3.1.1. Ajout d’une couche intermédiaire à base de SiC et de RE

2

Si

2

O

7 Klem et al. parviennent quant à eux à retarder la formation de la TGO à l’interface Si/EBC par report de l’oxydation en volume dans une couche intermédiaire contenant des particules oxydables SiC [Klemm et al., 2020]. Ce concept a été testé avec succès en banc d’essai de combustion (1200°C, 100 m/s, 100 h, PH2O = 0,2/bar) sur un système tricouche (voir Figure I.33 A) composé d’une sous-couche en silicium élaborée par APS, une sous-couche intermédiaire composée de DSYb et de SiC élaborée par SPPS et une couche supérieure en MSYb élaborée par SPPS. Les espèces oxydantes O2 et H2O en traversant le revêtement, réagissent avec les grains de SiC et forment à leur surface de la silice (voir Figure I.33 B). Elles ne peuvent pas atteindre l’interface Si/EBC puisqu’elles sont piégées par SiC. Lorsque l’oxydation se poursuit, les particules de SiC continuent de s’oxyder, jusqu’à être totalement oxydées. La volatilisation de la silice formée créé des pores au sein de la couche intermédiaire (voir Figure I.33 B).
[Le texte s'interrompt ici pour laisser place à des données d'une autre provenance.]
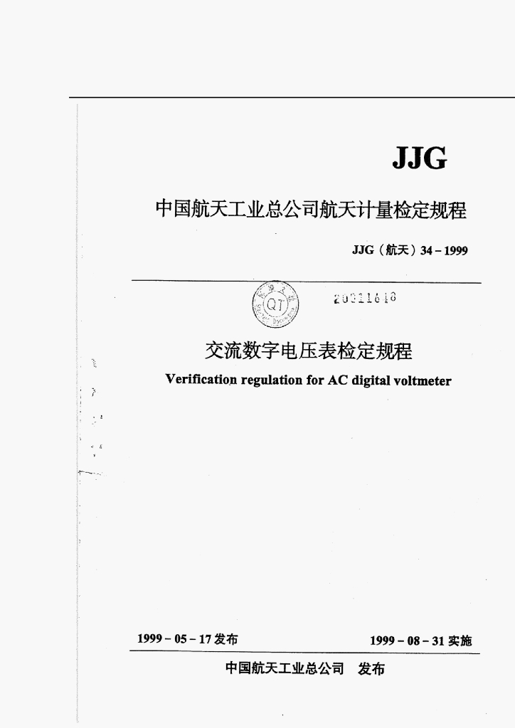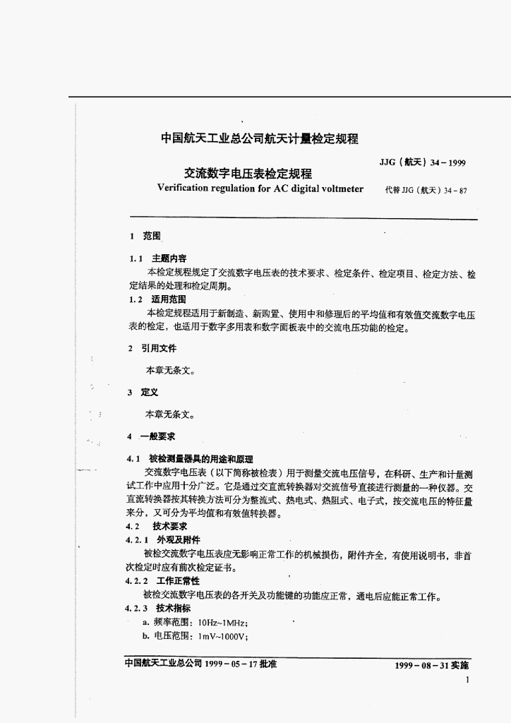 JJG(航天)34-1999 中国航天工业总公司航天计量检定规程交流数字电压表检定规程

Le rôle de la couche intermédiaire a alors atteint sa limite : les espèces oxydantes peuvent

maintenant diffuser jusqu’à la sous-couche et former par réaction avec le silicium la TGO (Figure I.33 C).

Figure I.33 : Vue en coupe au MEB d’un composite SiCF/SiC(N) revêtu par un système tricouche Si/(DSYb+SiC)/MSYb après test en banc d’essai de combustion (1200°C, 100 h, PH2O/bar = 0,2, P = 1 atm, vgaz = 100 m/s) [Klemm et al., 2020] (A) Vue générale ; (B) Détail de l’interface (DSYb+SiC)/ MSYb ; (C) Détail de l’interface Si/(DSYb+SiC).

Ainsi, les modifications de la couche supérieure proposées dans la littérature ralentissent la cinétique d’oxydation de la TGO. Les problématiques de contraintes engendrées par la croissance de la TGO et la transformation de phase de la cristobalite ne sont pas résolues mais uniquement retardées. Seul l’ajout d’alumine pourrait avoir un effet sur la structure cristalline de la TGO, mais celui-ci reste à confirmer par des analyses détaillées. Pour résoudre les problématiques liées aux contraintes générées par la croissance de l’oxyde, il semble préférable de travailler sur la modification de la sous-couche.